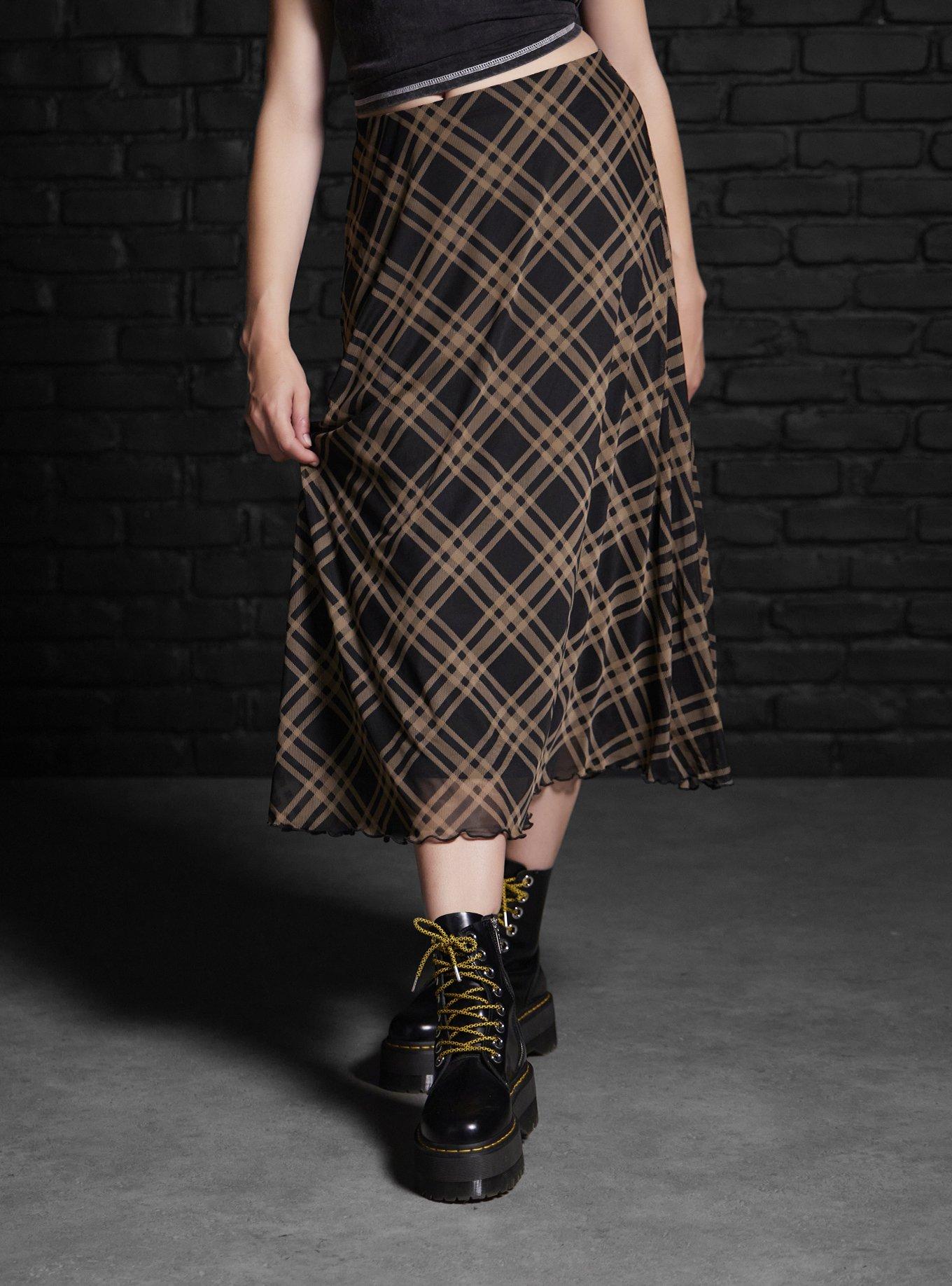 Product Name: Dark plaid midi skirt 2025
--
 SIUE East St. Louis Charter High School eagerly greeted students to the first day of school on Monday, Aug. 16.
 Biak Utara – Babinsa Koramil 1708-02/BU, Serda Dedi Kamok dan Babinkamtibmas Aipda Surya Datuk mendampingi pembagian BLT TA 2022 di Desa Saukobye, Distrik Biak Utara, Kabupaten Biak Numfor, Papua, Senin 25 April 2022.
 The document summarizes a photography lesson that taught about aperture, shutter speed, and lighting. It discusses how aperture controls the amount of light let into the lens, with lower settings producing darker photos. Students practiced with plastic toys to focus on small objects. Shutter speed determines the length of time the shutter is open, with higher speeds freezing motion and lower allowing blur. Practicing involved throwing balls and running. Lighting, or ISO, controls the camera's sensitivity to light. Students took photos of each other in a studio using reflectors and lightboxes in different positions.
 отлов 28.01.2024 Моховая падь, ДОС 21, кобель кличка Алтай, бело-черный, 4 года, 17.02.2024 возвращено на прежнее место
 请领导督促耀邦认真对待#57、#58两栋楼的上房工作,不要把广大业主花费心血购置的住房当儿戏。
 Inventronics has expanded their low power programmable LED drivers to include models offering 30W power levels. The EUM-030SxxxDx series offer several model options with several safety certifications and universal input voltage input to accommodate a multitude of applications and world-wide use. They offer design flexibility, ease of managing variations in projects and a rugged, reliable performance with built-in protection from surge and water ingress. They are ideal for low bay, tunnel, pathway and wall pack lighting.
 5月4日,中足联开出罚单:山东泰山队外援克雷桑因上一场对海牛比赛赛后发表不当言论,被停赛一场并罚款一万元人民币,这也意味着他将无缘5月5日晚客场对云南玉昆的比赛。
--
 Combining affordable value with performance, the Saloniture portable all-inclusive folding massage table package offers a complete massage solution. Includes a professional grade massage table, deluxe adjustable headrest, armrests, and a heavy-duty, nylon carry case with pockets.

§ What is needed
Please transcribe only the lines in the records above running from the line that has "Inventronics has expanded" through the line that has "5月4日,中足联开出罚单:山", both included, exactly as they appear.

§ Problem solution
 Inventronics has expanded their low power programmable LED drivers to include models offering 30W power levels. The EUM-030SxxxDx series offer several model options with several safety certifications and universal input voltage input to accommodate a multitude of applications and world-wide use. They offer design flexibility, ease of managing variations in projects and a rugged, reliable performance with built-in protection from surge and water ingress. They are ideal for low bay, tunnel, pathway and wall pack lighting.
 5月4日,中足联开出罚单:山东泰山队外援克雷桑因上一场对海牛比赛赛后发表不当言论,被停赛一场并罚款一万元人民币,这也意味着他将无缘5月5日晚客场对云南玉昆的比赛。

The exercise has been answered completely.